Do you want to know which voice is the voice of the true Shepherd?  Follow the voice that leads to life.  This voice is the voice that Mary heard in the resurrection story that we read just a few weeks ago—a voice that Mary didn’t recognize until Jesus called her by name (John 20:16).  This is the voice that calls you to life, to reconciliation, to love.
There is one further irony that occurred to me in this lesson.  Jesus is more than the Gate, and Jesus is more than a shepherd.  I may be mixing metaphors here a little bit, but Jesus also becomes one of the sheep.  He becomes the Lamb of God.

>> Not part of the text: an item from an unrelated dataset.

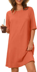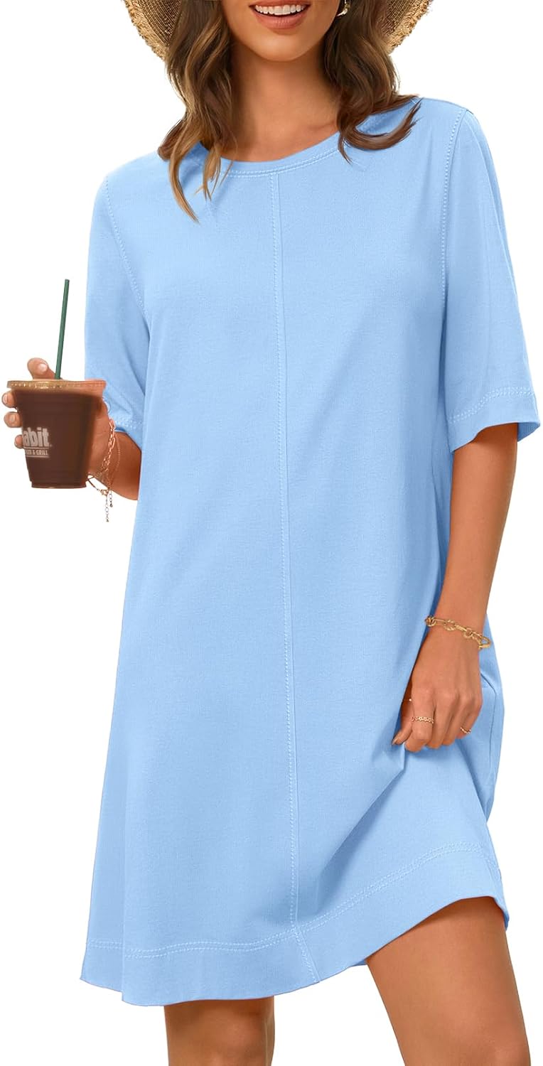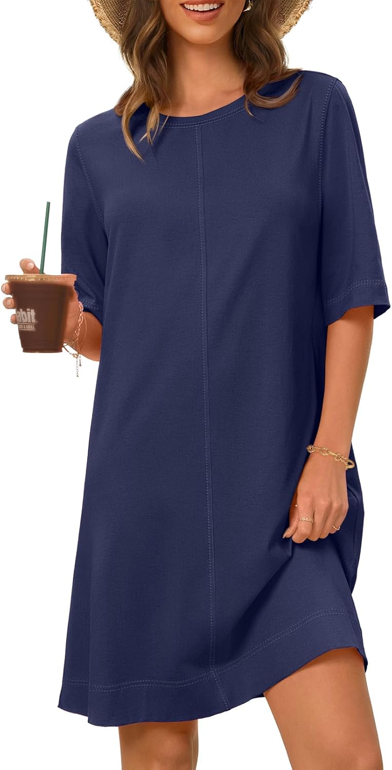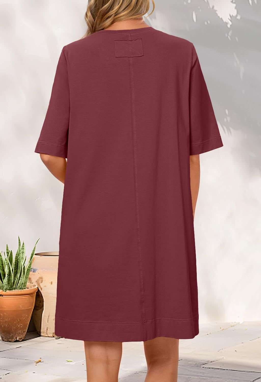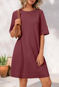 Women's Summer Short Sleeve Crewneck T-shirt Dress with Pockets

This is the message of the incarnation—that God, the “Word,” became flesh and lived among us.  (John 1:14).  He lived among us and in doing so He showed us how to live and how to love.  But He also showed to us how to walk through that valley of the shadow of death that we mentioned earlier.  As the lamb, Jesus Christ became the Lamb of God who takes away the sins of the world.  John the Baptist proclaimed this message about Jesus when Jesus came to be baptized (John 1:29).
This same Jesus beckons to us as the Shepherd to follow Him.  As the Gate, Jesus provides us the way.  And as the Lamb, Jesus becomes one of us, offering up himself for us all. 
And this morning, he calls us by name.  O that today you would hearken to his voice.  May it be so!
Copyright © 2014 by Thomas E. Frost.  All rights reserved.



[1] Preached at Cunningham United Methodist Church in Palmyra, Virginia.